More Than They Deserve

T

The420Guy

Guest
The population in federal prisons has quadrupled from 43,000 inmates in
1987 to 173,000 today - at a cost to taxpayers of $4 billion a year.

How did that happen? In the wake of the cocaine epidemic of the 1980s,
Congress passed harsh sentencing guidelines and mandatory-minimum
sentencing laws - requiring federal judges in most cases to impose long
jail terms on anyone convicted of drug trafficking, no matter how small
their crime.

But now, objections to the drug laws are coming from an unexpected source -
federal judges themselves.

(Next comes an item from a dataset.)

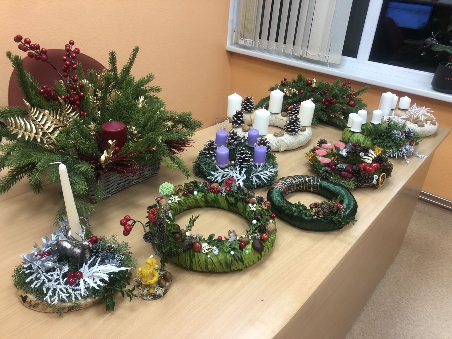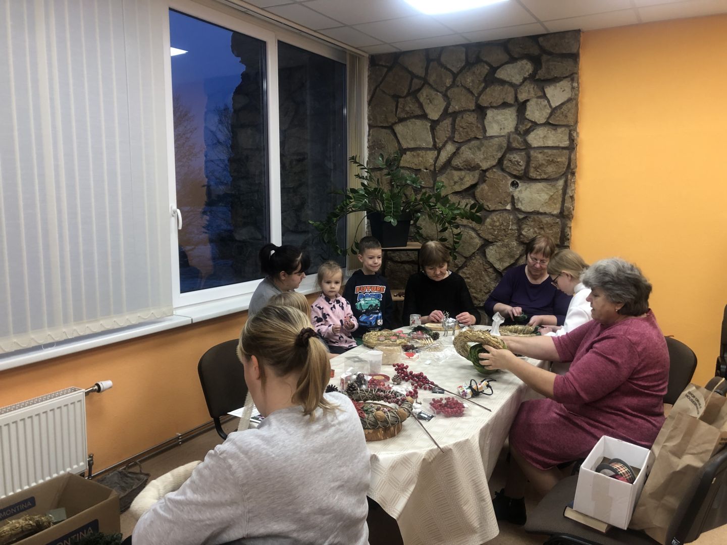 Darbnīcas laikā fonā skanēja klusās Ziemassvētku melodijas, kas piešķīra vakaram īpašu svētku priekšvakara sajūtu. Telpu piepildīja skuju aromāts, sveču mirdzums un radoša līdzdalība – katrs dalībnieks, iedvesmojoties no dabas materiāliem un savas iztēles, radīja unikālu darbu, kas Adventes laikā rotās mājas un sirdis.
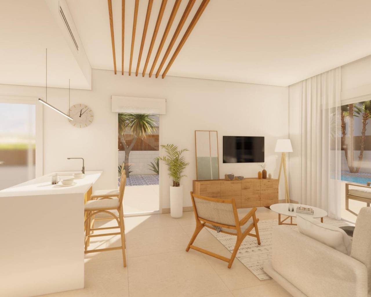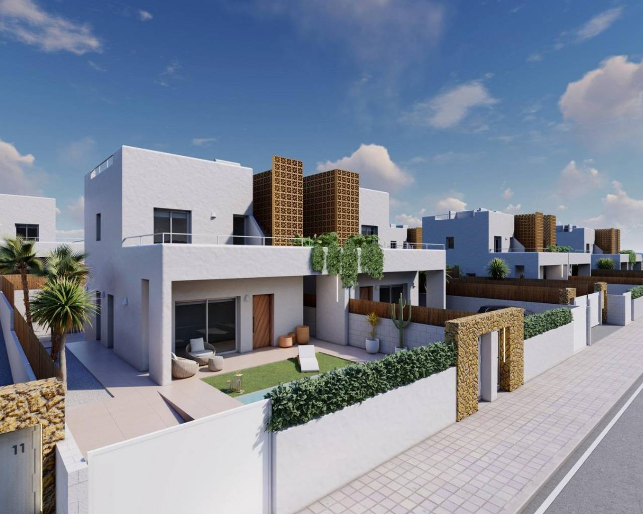 NIEUWBOUW VILLA'S IN PILAR DE LA HORADADA Nieuwbouw villa's in Pilar de la Horadada. Het interieur van de villa's bestaat uit 3 slaapkamers, 3 badkamers en suite, grote open woonkamer met keuken alles gelegen op twee verdiepingen. De buitenkant heeft een grote aangelegde tuin met privé zwembad en parkeerplaats. Nieuwbouw Villa's waar u de beste mediterrane stijl aangepast aan modern design zult vinden. Residentieel bestaat uit 17 villa's gelegen in Pilar de la Horadada, omgeven door alle diensten die u nodig heeft en op slechts enkele minuten van het strand. Pilar de la Horadada is een typisch Spaans dorp in het meest zuidelijke deel van de Costa Blanca. De grote hoofdstraat heeft supermarkten, veel winkels, restaurants en bars en enkele mooie pleinen. De prachtige stranden van Torre de la Horadada en Mil Palmeras met fijn zand en boulevard liggen op slechts 5 minuten afstand. In Pilar de la Horadada is er ook een goed ontwikkeld fiets- en wandelpadennetwerk, en er is ook een groot aanbod van diverse sportactiviteiten. De golfbaan Lo Romero met 18 holes ligt op korte rijafstand van de stad. De luchthavens van Corvera (Murcia) en Alicante liggen op respectievelijk 40 en 55 minuten afstand.

Normally reluctant to speak out on political
matters, federal judges by the dozens have protested harsh drug laws.

They contend the laws force them to send some people to prison who don't
belong there, and others for many more years than they deserve.
Correspondent Ed Bradley reports.

The overwhelming majority of inmates convicted of drug trafficking are
small fry in the narcotics trade. Most are people with no track record of
violent criminal behavior, like Brenda Valencia.

In 1991, Valencia was a 19-year-old former high school athlete in Miami
who'd never been in trouble with the law until she gave a ride to her
roommate's stepmother. Brenda knew the woman was a drug dealer and knew she
was going to West Palm Beach to pick up money from a cocaine dealer.

Why didn't she walk away?

"I've asked myself that question a million times. But honestly, I wasn't
even thinking about that day. I just made a very immature and quick
decision," says Valencia. "I didn't even think twice about it. Because even
though I knew what she did, in my mind I felt I had nothing to do with it."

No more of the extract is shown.